Esito, a nostro avviso esiziale, di un possibile diritto di proprietà formale, molto teorico, per altro, esercitato dal famigliare sul cadavere del de cujus è ben evidente negli sviluppi logici di taluna giurisprudenza minoritaria particolarmente votata all’argomentazione categoriale.
Secondo questi orientamenti anche piuttosto estremi, a titolo esemplificativo, dopo aver qualificato il corpo inanimato come res extra commercium, grazie a più pronunce di merito, si veda: Trib. Terni, 28/02/2011 “[…] il diritto del familiare di disposizione del cadavere altrui (che costituisce una cosa extra commercium) non integra un diritto personalissimo ma, esclusivamente, un diritto privato non patrimoniale, desumibile dalla consuetudine, che spetta ai congiunti del defunto in ragione del sentimento di pietà che li lega allo stesso (ex plurimis cfr. Trib. Torino, 16 ottobre 1995), Trib. Roma, Sez. terza del 23 febbraio 2012 […];” si aggiune, poi, nelle motivazioni della sentenza, che il diritto familiare di disposizione del cadavere altrui non sarebbe un diritto personalissimo, ma un diritto privato non patrimoniale, mentre questo diritto non sarebbe riconducibile all’ambito applicativo dell’art. 5 Cod.Civile, invocabile soltanto quando il relativo atto dispositivo su cosa futura (artt. 813 e 1348 Cod. Civile?), per estensione, sia posto in essere dal vivente.
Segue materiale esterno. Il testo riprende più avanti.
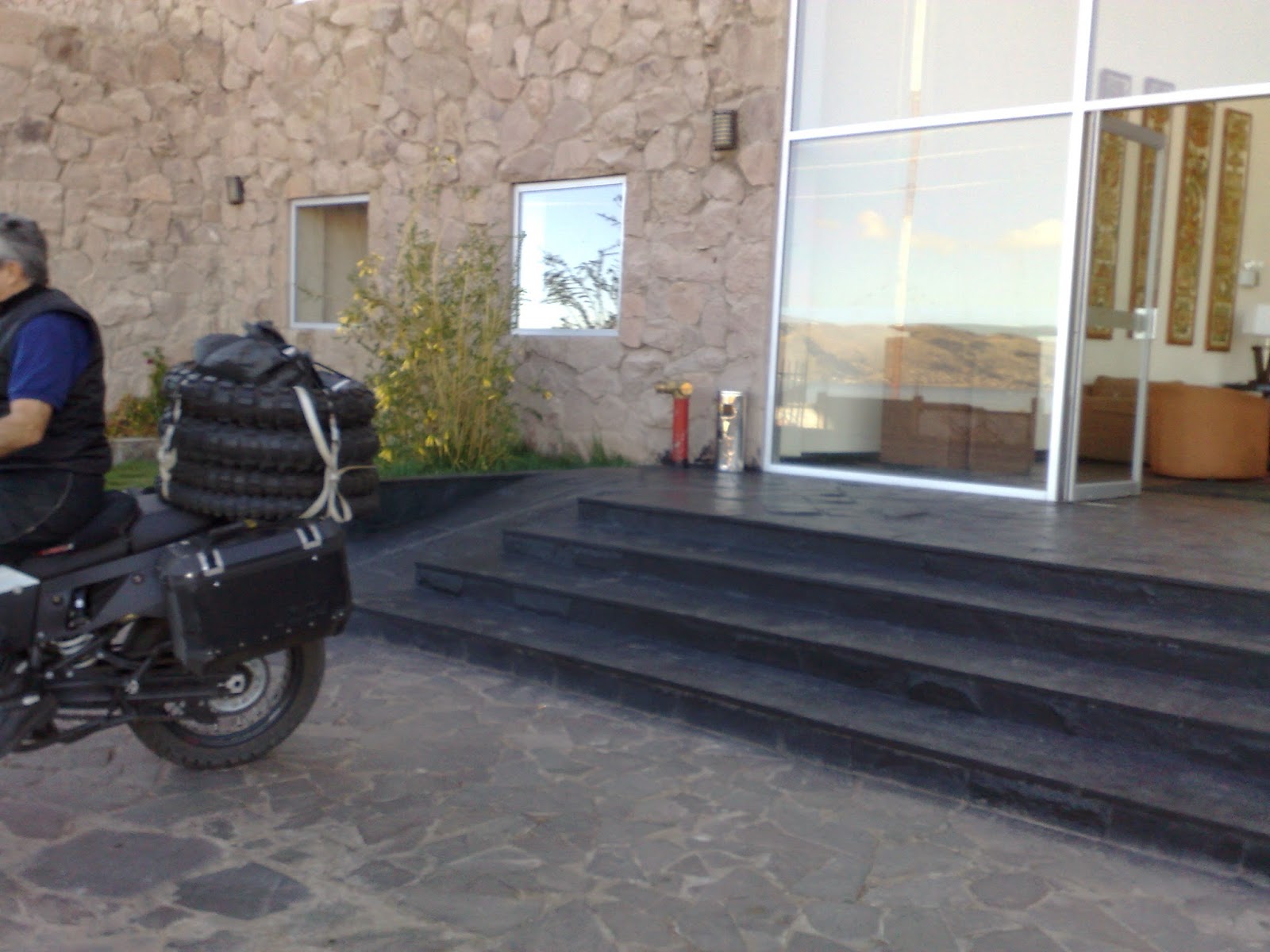 O atraso foi devido à recuperação do Julio que sentiu uma fortíssima fisgada nas costas ao evitar que sua moto fosse ao chão na segunda feira na troca dos pneus. Na tentativa de usar o apoio lateral pra descolar o pneu sem câmara o mecânico quase derrubou a moto e ao segurá-la o Julio sentiu uma forte fisgada nas costas. Do lado do nosso hotel havia uma clínica com um bom serviço de fisioterapia ao que ele se submeteu intensamente e melhorou muito em dois dias de tratamento.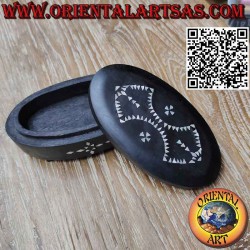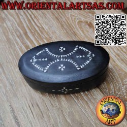 Boîte ovale en bois d'acajou et incrustations de nacre, Lombok Indonésie

La non ascrivibilità dello jus sepulchri al novero proprio dei puri diritti della personalità, come tale intrasmissibili, si ritiene peraltro confermato dalla previsione di cui all’art. 3, lett. g), l. n. 130/2001, con cui si attribuisce all’ufficiale dello stato civile il potere di autorizzare, ex officio, la cremazione delle salme inumate da almeno dieci anni e delle salme tumulate da almeno venti anni, ovvero dei resti mortali, degli indecomposti, anche senza il preventivo assenso (atto volitivo o di semplice non contrarietà?) dei congiunti, ove non sia stato possibile reperirli, entro i termini di conclusione del procedimento istruttorio.
Ora, con riferimento alla pìetas verso i defunti o alla decisione in tema di destinazione del cadavere o alla sistemazione delle sue ceneri, reputare lo jus sepulchri alla stregua di un diritto soggettivo non patrimoniale, separato e scisso dalla persona, solleva non pochi dubbi sia in ordine alla sua portata più strettamente dogmatica, sia a quella di carattere funzionale. Sembra evidente, invece, che si tratti di un diritto della personalità volto a soddisfare interessi che fanno capo alla sfera personale e relazionale dell’individuo, al pari di altri diritti che hanno per oggetto interessi non patrimoniali derivanti da vincoli familiari o affettivi.
Convince poco pure l’utilità ermeneutica dell’indice normativo invocato, posto che esso considera il caso in cui il diritto facente capo ai «prossimi congiunti» non venga esercitato e comunque tendente a tutelare un interesse di natura senz’altro diversa da quella dell’interesse sotteso a quel medesimo diritto. In ultima analisi, con riguardo al corpo inanimato, esso non è una res che assurga a oggetto del diritto, ma un’entità valoriale, il corpo, sulla quale si radica l’interesse del soggetto in ragione, come giustamente dice la giurisprudenza da ultimo citata, «del sentimento di pietà» che ad esso lo unisce e fonde.